Правда, при всех вышеприведенных оговорках и самоуничижительных оценках один раз я все-таки вынужден был исполнять роль эксперта и специалиста дегустационно-ресторанного обихода. Но ситуация была, так сказать, эксклюзивная. Просто, кроме меня, на том месте никто иной не смог бы проделать сей минимальный и во многом мистификационный акт экспертизы. Это случилось во время посещения местного русского кафе под названием «Кошка» в городе Саппоро. По поводу названия я уже стал громоздить в мысленных пространствах всякие там спекулятивные построения, типа того, что кошка, пожалуй, везде является единственным буддоподобным животным. А в наших-то заснеженных пределах – и вовсе что единственный представитель возможной буддоподобности. Как раз за этим и застало меня разъяснительное уточнение хозяина, что просто фамилия рода его жены – Мйяо. Оттого ему и приглянулось подобное название. Ну и ладно. Приглянулось – так и приглянулось.

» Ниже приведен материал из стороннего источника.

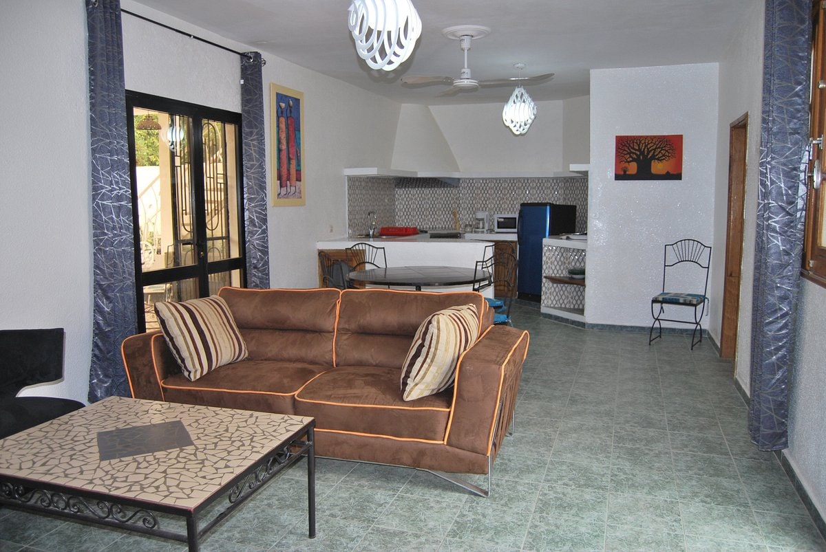 Situé à 1 km de la plage de M’bour, le Riad côté jardin propose des hébergements, une piscine extérieure, un bar, ainsi qu’une réception ouverte 24h/24, pour plus de commodité. Une connexion Wi-Fi est accessible gratuitement dans l'ensemble des locaux et la climatisation est disponible moyennant des frais supplémentaires. Un petit-déjeuner continental ou à la carte vous sera servi à l’appart'hôtel. Le Riad côté jardin possède aussi un barbecue, un jardin et une terrasse bien exposée.
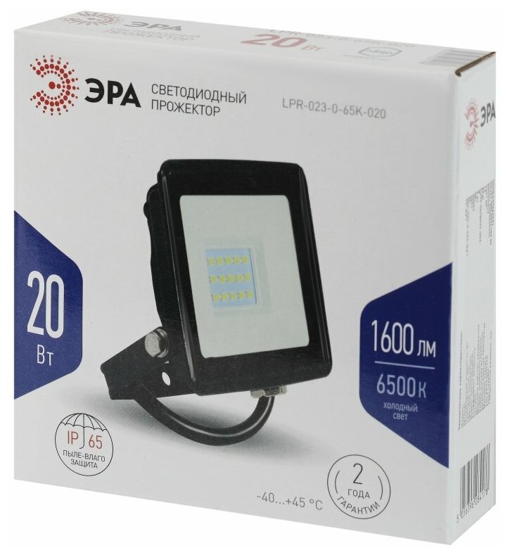 Прожектор светодиодный ЭРА LPR-023-0-65K-020, 20 Вт, свет: холодный белый
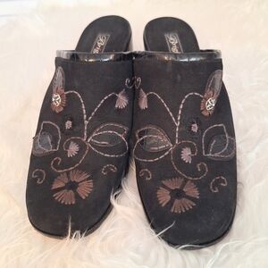 Chic black clogs with floral embroidery. Stylish and comfortable for any event. made by Brighton. these are in excellent condition with minimal signs of wear
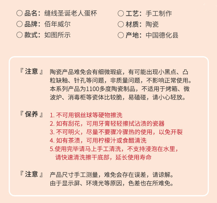 | Color | Taza de huevo de alce W225447, taza de huevo de Navidad W225446 |
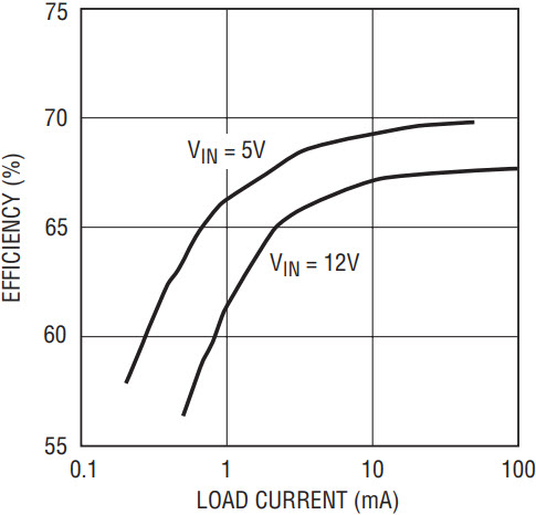 Figure 6. Efficiency of −5V step-up/step-down converter.
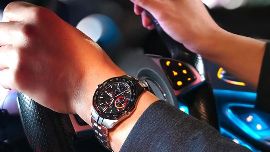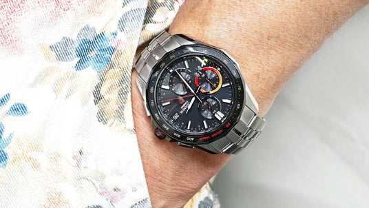 9時側のインダイアルリングに、奥田氏の好むオレンジから赤へのグラデーションを採用。精悍なブラックダイアルに鮮烈なアクセントを添えます。
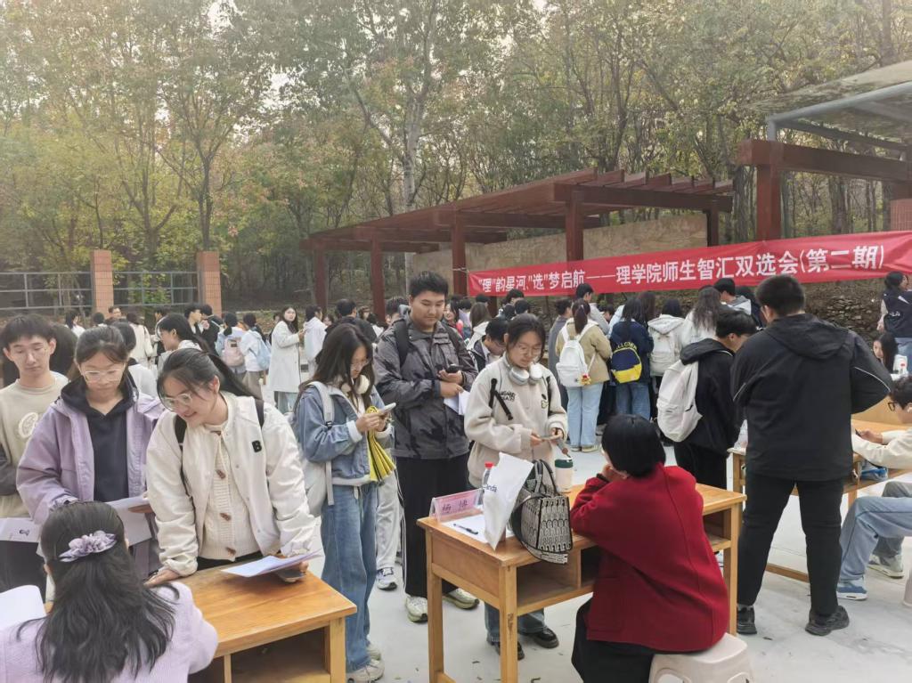 近日,理学院在源远亭广场举办第二期"理"韵星河,"选"梦启航师生智汇双选会。本次活动有13位老师和近300名同学参与。

И действительно, кошки светились глазами со всех стен и изо всех углов. В воздухе висело мягкое позвякивание их репродуцированных голосов. Сам хозяин был украшен декоративными усами и бакенбардами а-ля кошка. Многочисленные живые твари перебегали дорогу, сидели по лавкам, нехотя уступая своими мощными упругими раскормленными телами места посетителям. Некоторые из них влезали на стол и пытались разделить с вами трапезу. Хозяин ласково-шутливо отстранял их головы от вашей тарелки и произносил что-то по-японски – что непонятно, но, видимо, ненавязчиво убедительное. Кошки спрыгивали со стола и шли, по всей вероятности, на более привлекательную кухню.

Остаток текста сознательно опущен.